### Exercise
Output exactly the lines below from the one containing "Senior man having" to the last line, both included. Omit pictures.
━━━ Entries supplied
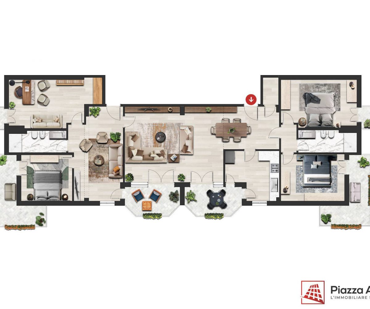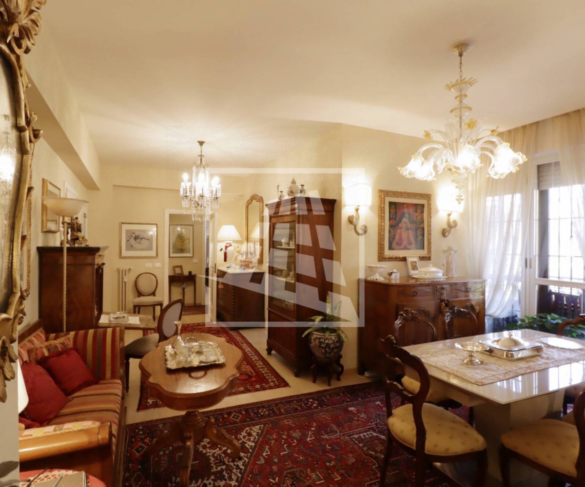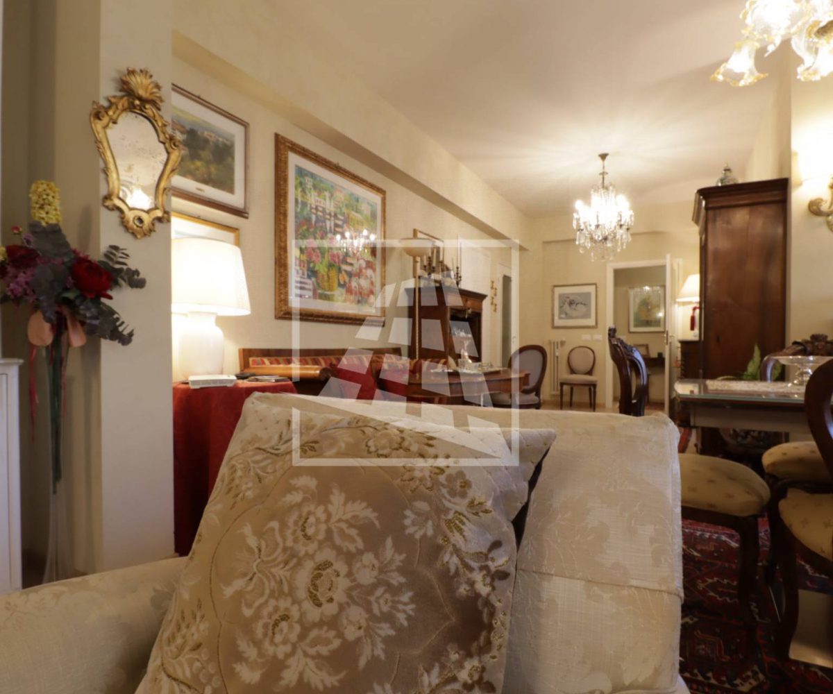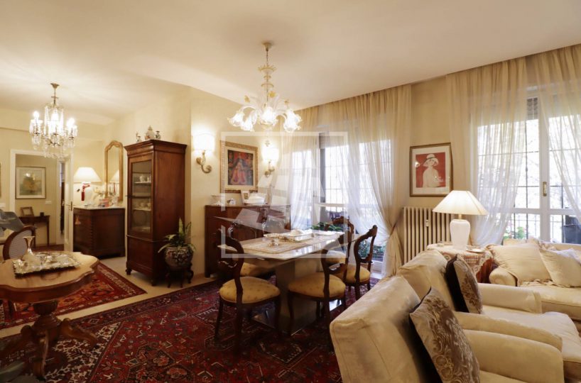 Appartamento di 175 mq, arricchito da quasi 30 mq di aree scoperte che affacciano sul verde circostante.
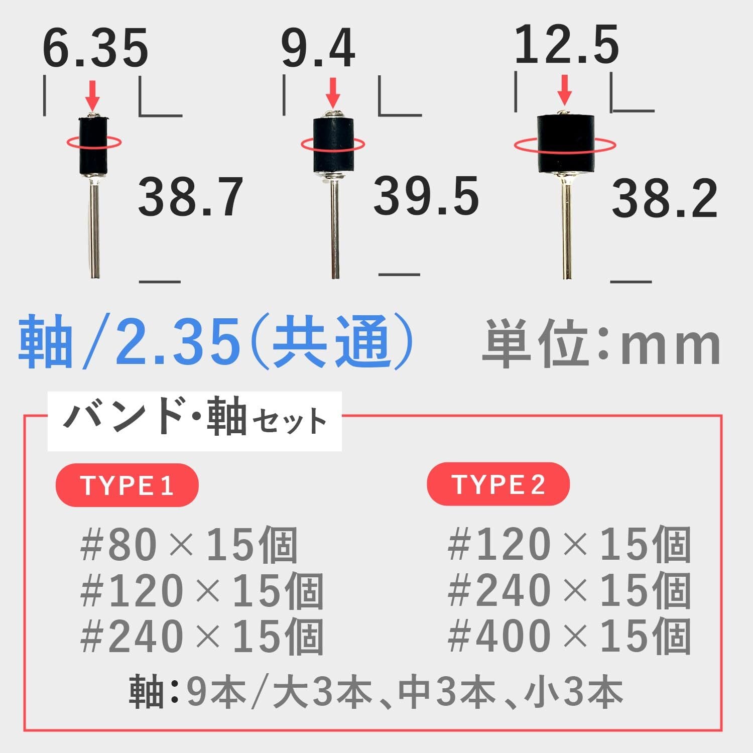 セット内容:ヤスリ番手各15個、シャフト各3本 番手120×15個、番手240×15個、番手400×15個、軸2.35mmシャフト×9本(大3本、中3本、小3本) 番手80×15個、番手120×15個、番手240×15個、軸2.35mmシャフト×9本(大3本、中3本、小3本)
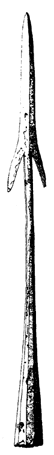 | In Widsith, R. W. Chambers says that the word ango was the same as "......(cf. our angle) similar to the 'cruely hooked spear' which in Beowulf is used to attack sea-monsters. Agathias gives a detailed description of the ango: it was a species of harpoon, and could not be withdrawn from a wound." One internet source (www.cage.rug.ac.be/~ci/naam.htm), tells us that "......Ange (later Angel), was the nickname given by the Franks to their javelin. The word still exists in Dutch; it means 'sting'. The analogy of the barbed Frankish javelin with a bee's sting is evident. The Ange was hurled through the opponent's shield. The barbs (generally two) prevented it from being pulled out and its iron-clad shaft made it impossible to chop off. Thus his opponent was forced to lower his defense. The Ange was considered to be an elite weapon." Previous Page......Next Page |
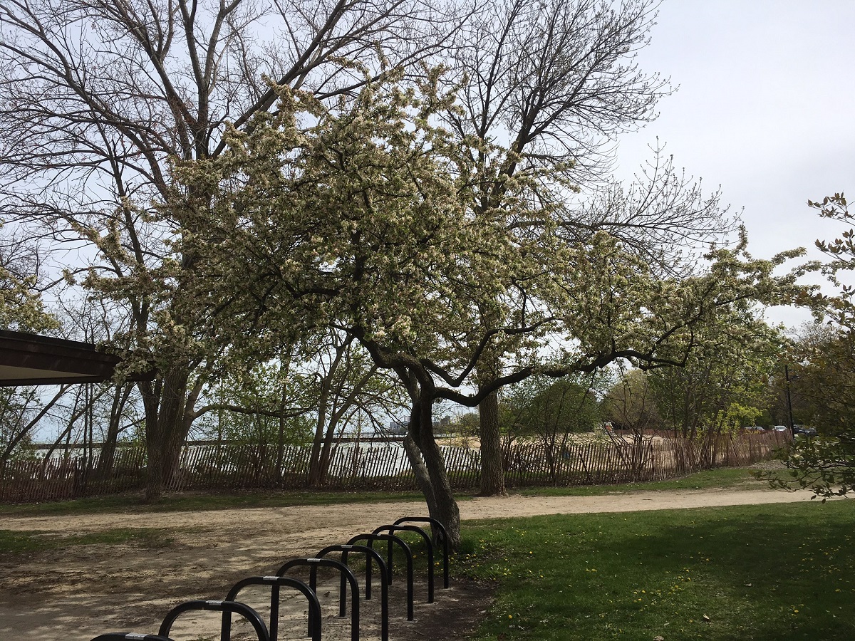 White tree is Elliott Park -- a little more of downtown Chicago with Willis Tower can be seen at far left
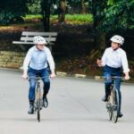 Presiden Joko Widodo mengajak PM Albanese untuk bersepeda pagi di Istana Kepresidenan Bogor, Jawa Barat, menggunakan sepeda bambu, Senin, 6 Juni 2022.
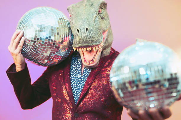 Senior man having fun wearing t-rex mask in discotheque – Elegant dinosaur masquerade male celebrating carnival party inside disco club – Funny absurd holidays and crazy people humor lifestyle concept
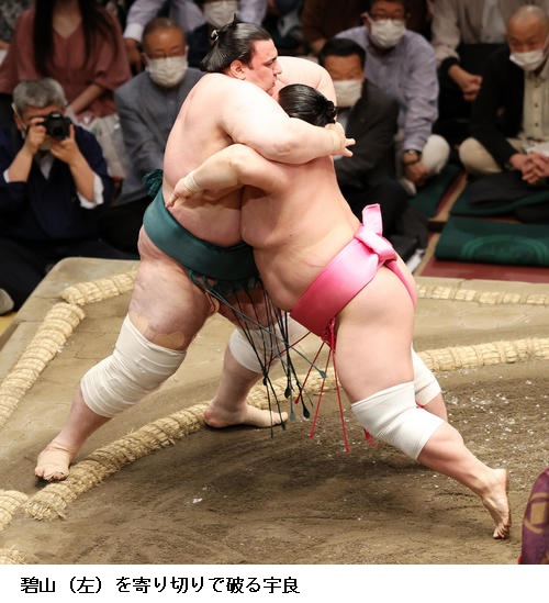 碧山は、琴恵光に勝って7勝目を挙げ「あまり変なことを考えず、とりあえず前に出ようと思っていた。勝ってよかったが、ここからまだまだ」と気を引き締めていました。
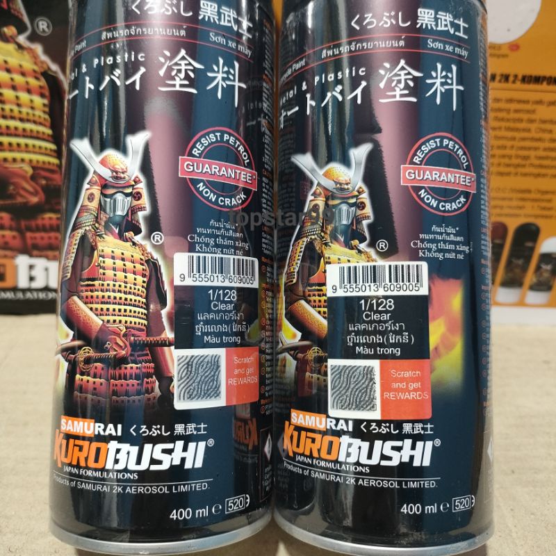 Video perkenalan produk PILOK CAT SAMURAI CLEAR / PERNIS (128) CAT SEMPROT AEROSOL 400ML. Sumber: Shopee.
━━━━━━
### Task result
 Senior man having fun wearing t-rex mask in discotheque – Elegant dinosaur masquerade male celebrating carnival party inside disco club – Funny absurd holidays and crazy people humor lifestyle concept
 碧山は、琴恵光に勝って7勝目を挙げ「あまり変なことを考えず、とりあえず前に出ようと思っていた。勝ってよかったが、ここからまだまだ」と気を引き締めていました。
 Video perkenalan produk PILOK CAT SAMURAI CLEAR / PERNIS (128) CAT SEMPROT AEROSOL 400ML. Sumber: Shopee.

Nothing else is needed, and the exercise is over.